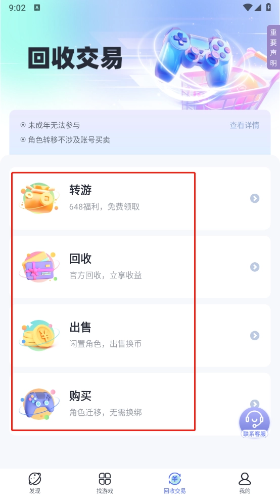 在“回收交易”板块中,涵盖了转游、回收、出售与购买等功能,您可依据自身需求进行选择。
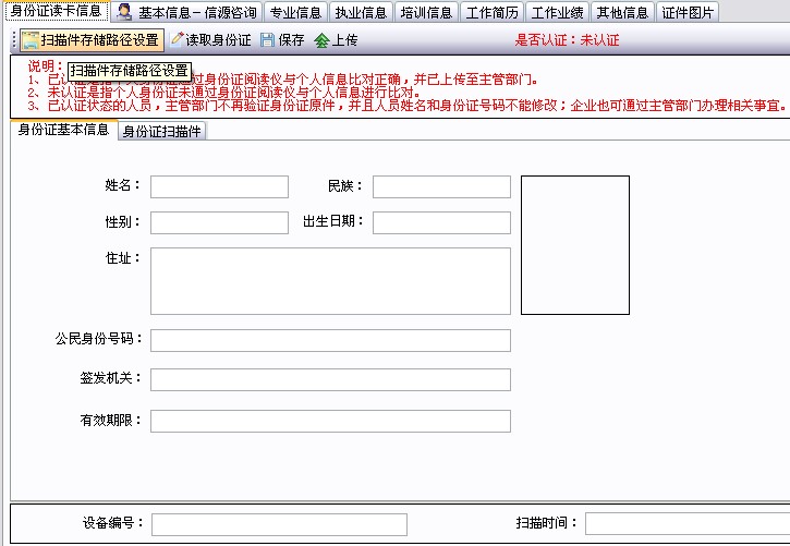 第三步:把要掃描的身份證放在閱讀儀的掃描區(qū)域上,點擊讀取身份證,讀取身份證信息后單擊保存。(如圖1-3,1-4)
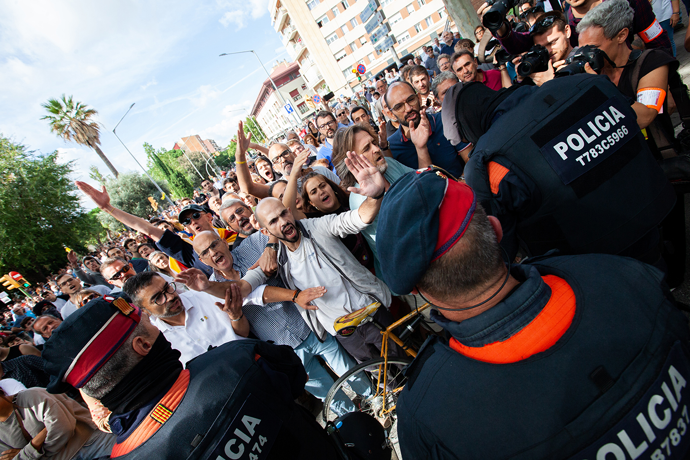 Protestas en la ciudad de Barcelona contra la sentencia del juicio del proceso idependentista catalán el 19 de octubre de 2019.
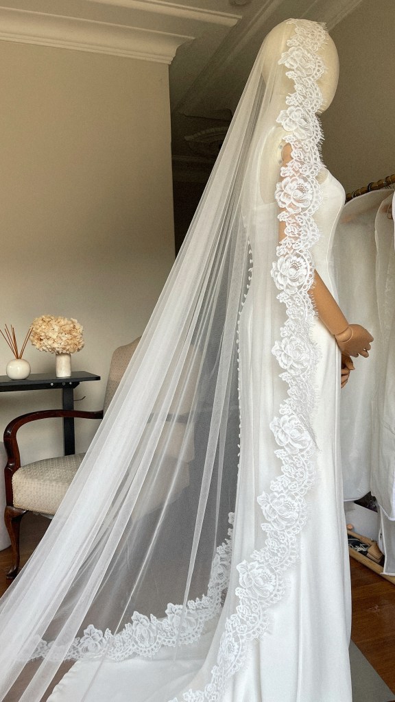 A modern take on the classic lace veil, finished with scalloped French lace for a romantic, couture-inspired touch.
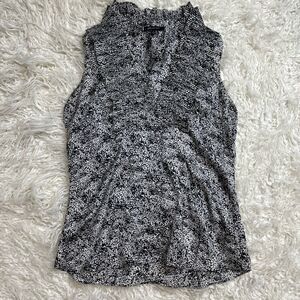 Anne Klein Womens Size 6 Sleeveless Blouse Ruffle Neck Line Black & White
--------------------------------------------------
_GOAL OF THE EXERCISE_
Keep every word of the records above exactly, and return them with no pictures.

_ANSWER AREA_
 在“回收交易”板块中,涵盖了转游、回收、出售与购买等功能,您可依据自身需求进行选择。
 第三步:把要掃描的身份證放在閱讀儀的掃描區(qū)域上,點擊讀取身份證,讀取身份證信息后單擊保存。(如圖1-3,1-4)
 Protestas en la ciudad de Barcelona contra la sentencia del juicio del proceso idependentista catalán el 19 de octubre de 2019.
 A modern take on the classic lace veil, finished with scalloped French lace for a romantic, couture-inspired touch.
 Anne Klein Womens Size 6 Sleeveless Blouse Ruffle Neck Line Black & White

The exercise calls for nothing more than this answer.